Given the material below, return only the lines starting at the line with "В комплекте пять" and ending at the line with "As is a well-known", exactly as they appear.

_STORED DATA:_
== Segment start ==
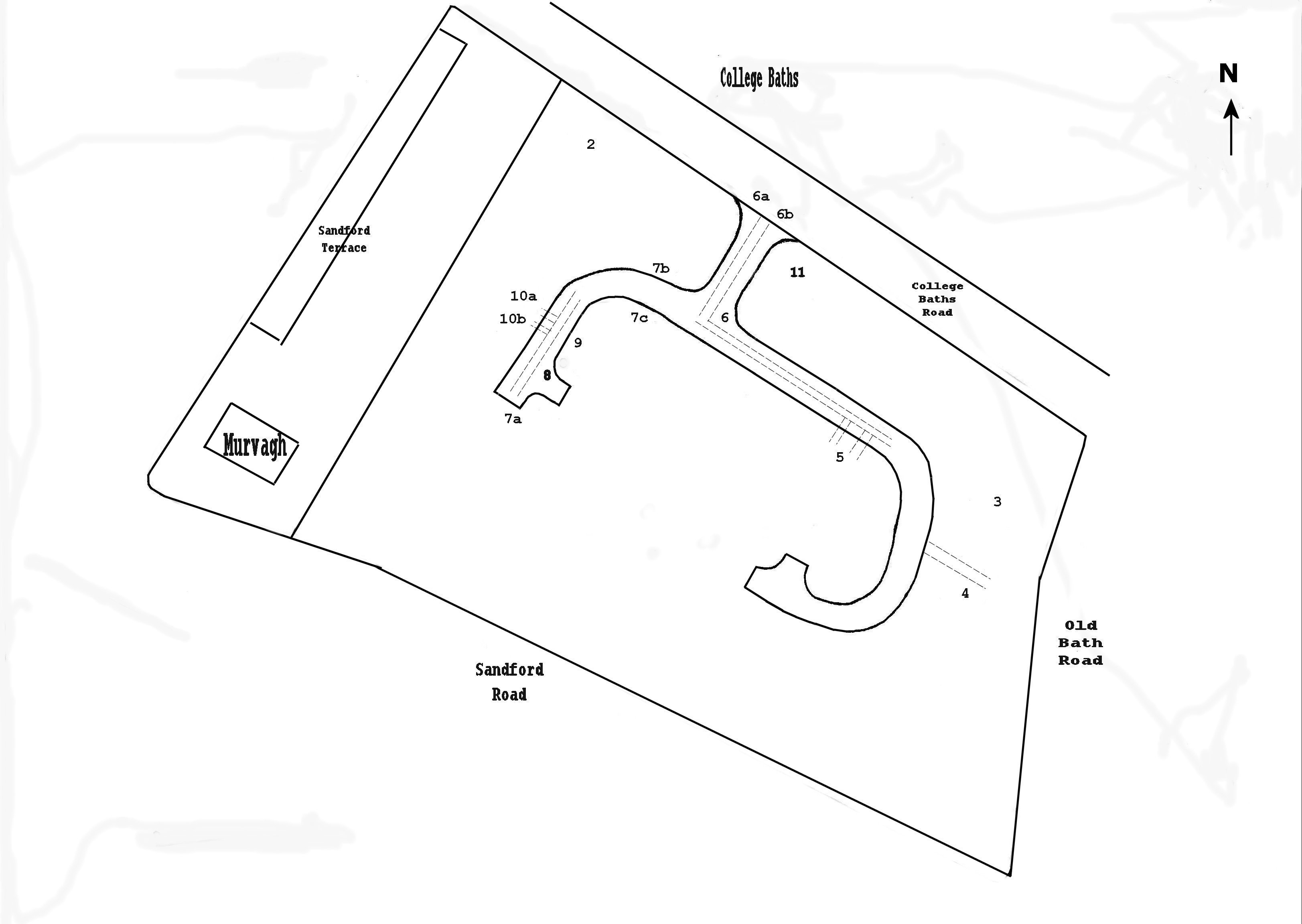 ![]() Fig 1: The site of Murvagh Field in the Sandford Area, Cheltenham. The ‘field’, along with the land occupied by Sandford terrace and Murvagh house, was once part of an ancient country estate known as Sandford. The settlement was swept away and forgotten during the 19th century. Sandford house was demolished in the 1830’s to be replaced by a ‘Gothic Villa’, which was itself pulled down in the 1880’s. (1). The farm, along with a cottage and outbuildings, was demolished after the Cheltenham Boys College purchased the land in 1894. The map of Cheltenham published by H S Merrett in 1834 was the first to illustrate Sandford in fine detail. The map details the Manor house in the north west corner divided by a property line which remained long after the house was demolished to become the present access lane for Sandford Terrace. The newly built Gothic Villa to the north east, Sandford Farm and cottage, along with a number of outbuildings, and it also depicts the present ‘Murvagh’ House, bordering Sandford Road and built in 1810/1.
== Segment end ==
== Segment start ==
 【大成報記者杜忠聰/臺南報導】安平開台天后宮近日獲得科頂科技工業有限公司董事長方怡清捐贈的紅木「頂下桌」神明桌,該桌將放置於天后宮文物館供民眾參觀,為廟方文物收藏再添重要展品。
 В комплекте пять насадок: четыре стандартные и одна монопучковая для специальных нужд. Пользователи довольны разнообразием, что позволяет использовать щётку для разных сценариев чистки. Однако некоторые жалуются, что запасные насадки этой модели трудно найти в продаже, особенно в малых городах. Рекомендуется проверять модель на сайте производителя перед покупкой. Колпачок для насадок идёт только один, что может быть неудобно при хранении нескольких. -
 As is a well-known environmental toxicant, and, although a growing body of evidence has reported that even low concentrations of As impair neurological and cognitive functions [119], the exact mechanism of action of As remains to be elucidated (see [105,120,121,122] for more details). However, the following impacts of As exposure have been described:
== Segment end ==
== Segment start ==
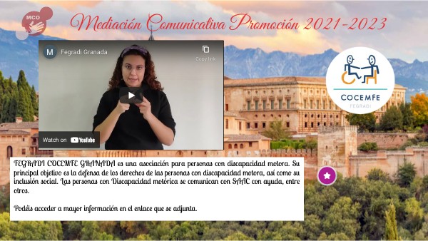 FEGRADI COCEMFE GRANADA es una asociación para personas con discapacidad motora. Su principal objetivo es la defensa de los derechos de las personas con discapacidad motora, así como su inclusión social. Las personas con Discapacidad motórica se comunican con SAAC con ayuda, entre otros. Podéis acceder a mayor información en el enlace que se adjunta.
== Segment end ==
_ANSWER TO THE PROBLEM:_
 В комплекте пять насадок: четыре стандартные и одна монопучковая для специальных нужд. Пользователи довольны разнообразием, что позволяет использовать щётку для разных сценариев чистки. Однако некоторые жалуются, что запасные насадки этой модели трудно найти в продаже, особенно в малых городах. Рекомендуется проверять модель на сайте производителя перед покупкой. Колпачок для насадок идёт только один, что может быть неудобно при хранении нескольких. -
 As is a well-known environmental toxicant, and, although a growing body of evidence has reported that even low concentrations of As impair neurological and cognitive functions [119], the exact mechanism of action of As remains to be elucidated (see [105,120,121,122] for more details). However, the following impacts of As exposure have been described:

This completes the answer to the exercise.